Required work: Your output should be everything below from the line containing "window is installed." down to the line containing "オーナー亀ちゃんみずからモデルとなり、新しいカラー剤の実験をしていました。", both ends included, copied exactly, with pictures left out.

Listed records:
----------------------------------------

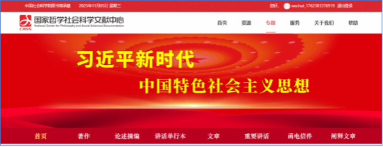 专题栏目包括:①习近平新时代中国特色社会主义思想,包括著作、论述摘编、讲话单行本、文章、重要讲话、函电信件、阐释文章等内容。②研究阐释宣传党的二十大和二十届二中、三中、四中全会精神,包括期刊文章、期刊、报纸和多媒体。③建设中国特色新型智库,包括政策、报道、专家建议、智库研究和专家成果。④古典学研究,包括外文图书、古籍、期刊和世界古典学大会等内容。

----------------------------------------

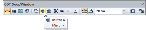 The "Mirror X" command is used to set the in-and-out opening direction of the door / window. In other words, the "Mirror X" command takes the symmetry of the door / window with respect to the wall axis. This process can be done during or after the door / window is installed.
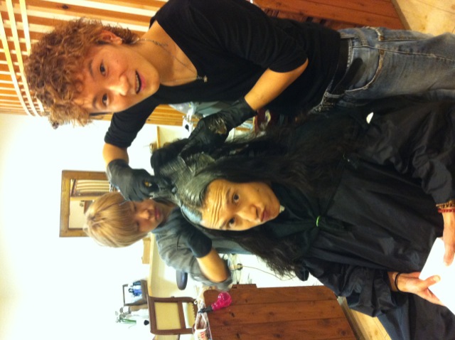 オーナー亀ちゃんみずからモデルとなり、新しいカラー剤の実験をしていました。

----------------------------------------

Solved exercise:
 The "Mirror X" command is used to set the in-and-out opening direction of the door / window. In other words, the "Mirror X" command takes the symmetry of the door / window with respect to the wall axis. This process can be done during or after the door / window is installed.
 オーナー亀ちゃんみずからモデルとなり、新しいカラー剤の実験をしていました。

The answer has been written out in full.